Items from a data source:

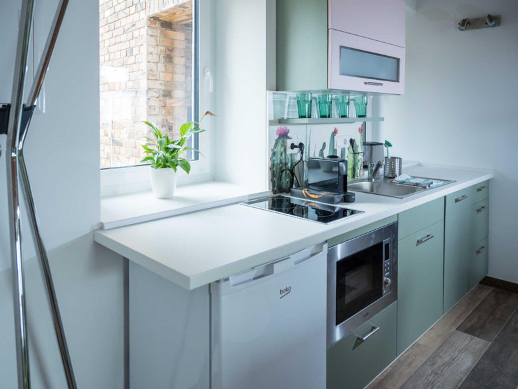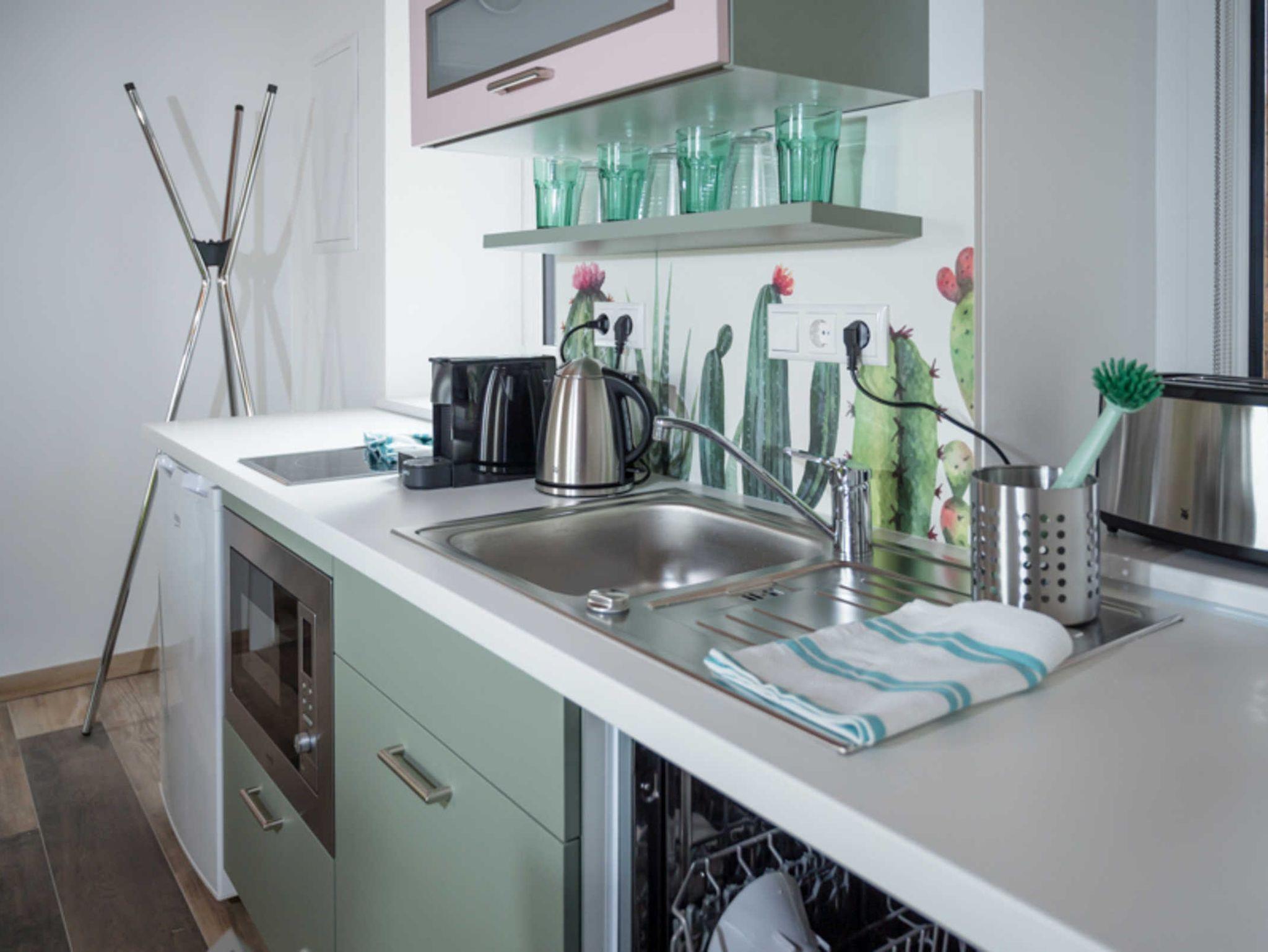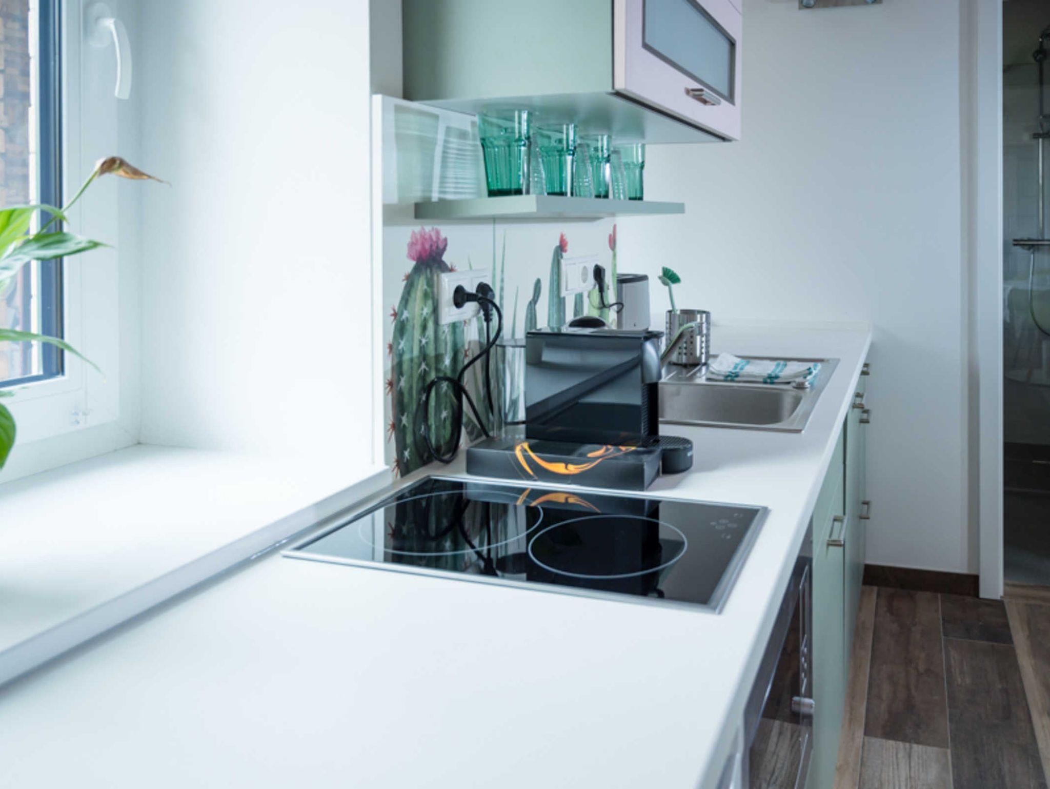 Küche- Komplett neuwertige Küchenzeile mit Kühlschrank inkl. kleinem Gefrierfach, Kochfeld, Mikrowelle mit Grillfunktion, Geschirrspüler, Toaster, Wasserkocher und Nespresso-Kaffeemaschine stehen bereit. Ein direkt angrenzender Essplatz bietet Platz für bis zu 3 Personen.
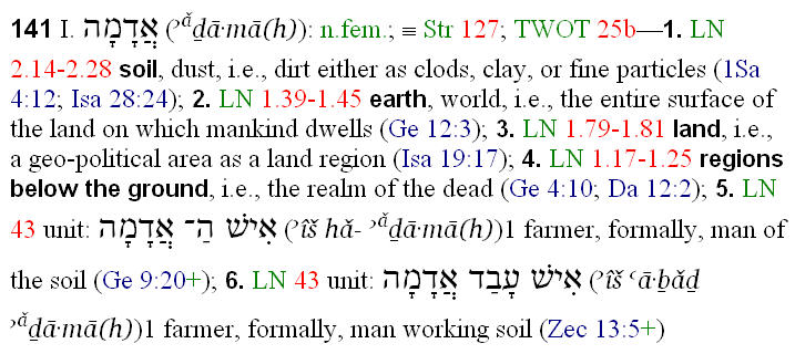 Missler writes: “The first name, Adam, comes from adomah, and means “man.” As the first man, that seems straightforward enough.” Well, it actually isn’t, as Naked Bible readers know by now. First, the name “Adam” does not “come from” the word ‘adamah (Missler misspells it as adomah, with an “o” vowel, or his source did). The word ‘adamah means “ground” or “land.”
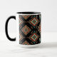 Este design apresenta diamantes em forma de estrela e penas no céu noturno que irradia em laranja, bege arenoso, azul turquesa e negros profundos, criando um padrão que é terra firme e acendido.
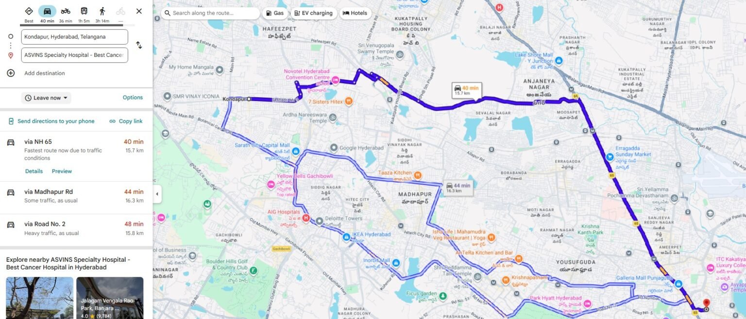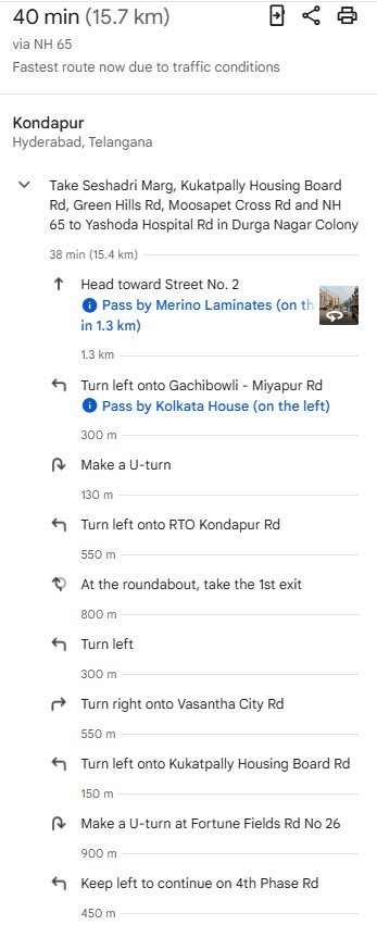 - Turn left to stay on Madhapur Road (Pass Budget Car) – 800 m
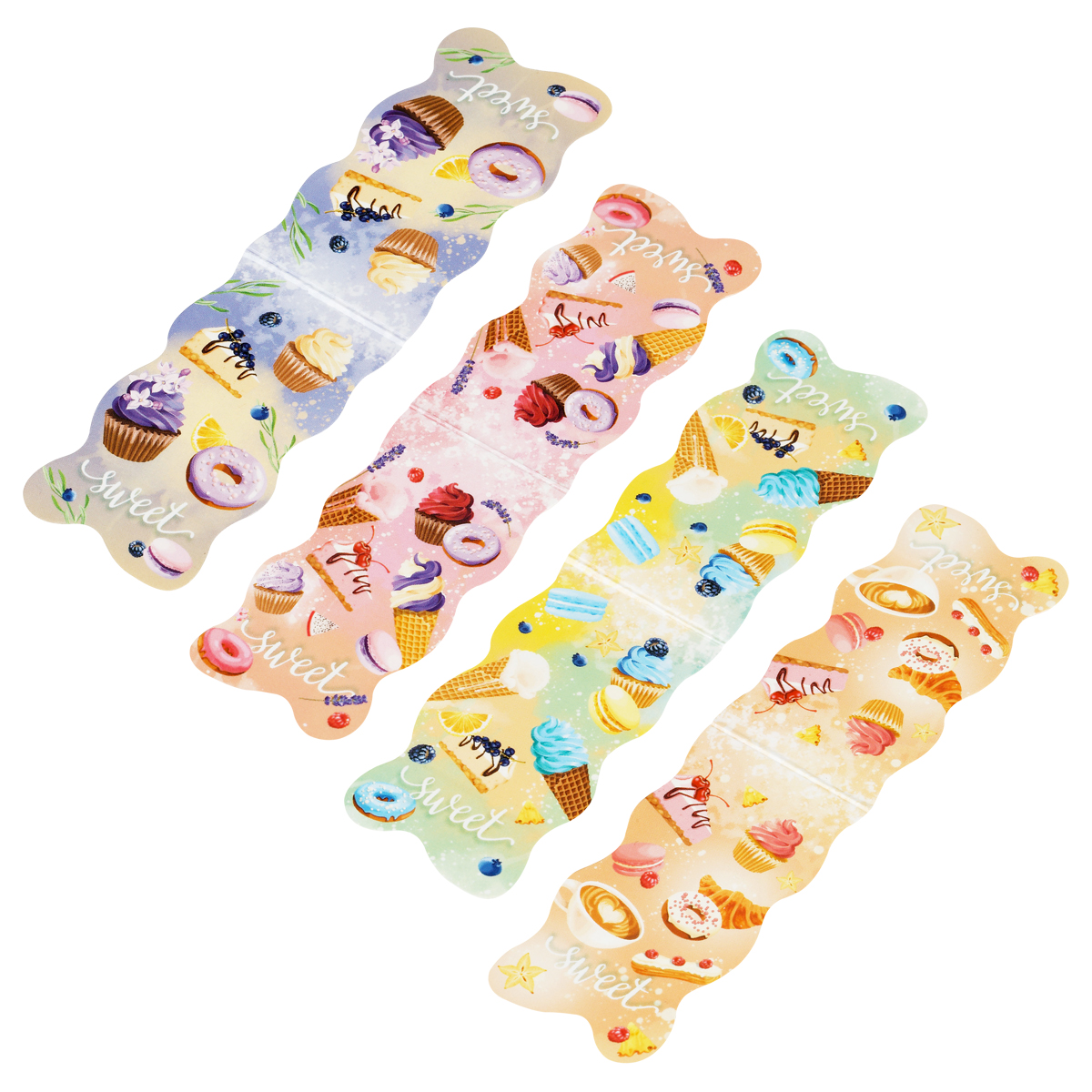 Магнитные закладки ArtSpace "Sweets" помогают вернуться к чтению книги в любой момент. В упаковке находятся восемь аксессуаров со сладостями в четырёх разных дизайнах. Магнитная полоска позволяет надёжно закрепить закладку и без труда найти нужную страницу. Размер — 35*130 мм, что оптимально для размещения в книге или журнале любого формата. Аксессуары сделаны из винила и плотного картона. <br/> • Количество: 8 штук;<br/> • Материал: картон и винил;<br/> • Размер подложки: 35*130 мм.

- EXERCISE OBJECTIVE -
Your answer must be exactly the lines from the one with "first name, Adam, comes" through the last line of the entries, both included, with no pictures; please add nothing else.

- SOLUTION FOR THIS TASK -
 Missler writes: “The first name, Adam, comes from adomah, and means “man.” As the first man, that seems straightforward enough.” Well, it actually isn’t, as Naked Bible readers know by now. First, the name “Adam” does not “come from” the word ‘adamah (Missler misspells it as adomah, with an “o” vowel, or his source did). The word ‘adamah means “ground” or “land.”
 Este design apresenta diamantes em forma de estrela e penas no céu noturno que irradia em laranja, bege arenoso, azul turquesa e negros profundos, criando um padrão que é terra firme e acendido.
 - Turn left to stay on Madhapur Road (Pass Budget Car) – 800 m
 Магнитные закладки ArtSpace "Sweets" помогают вернуться к чтению книги в любой момент. В упаковке находятся восемь аксессуаров со сладостями в четырёх разных дизайнах. Магнитная полоска позволяет надёжно закрепить закладку и без труда найти нужную страницу. Размер — 35*130 мм, что оптимально для размещения в книге или журнале любого формата. Аксессуары сделаны из винила и плотного картона. <br/> • Количество: 8 штук;<br/> • Материал: картон и винил;<br/> • Размер подложки: 35*130 мм.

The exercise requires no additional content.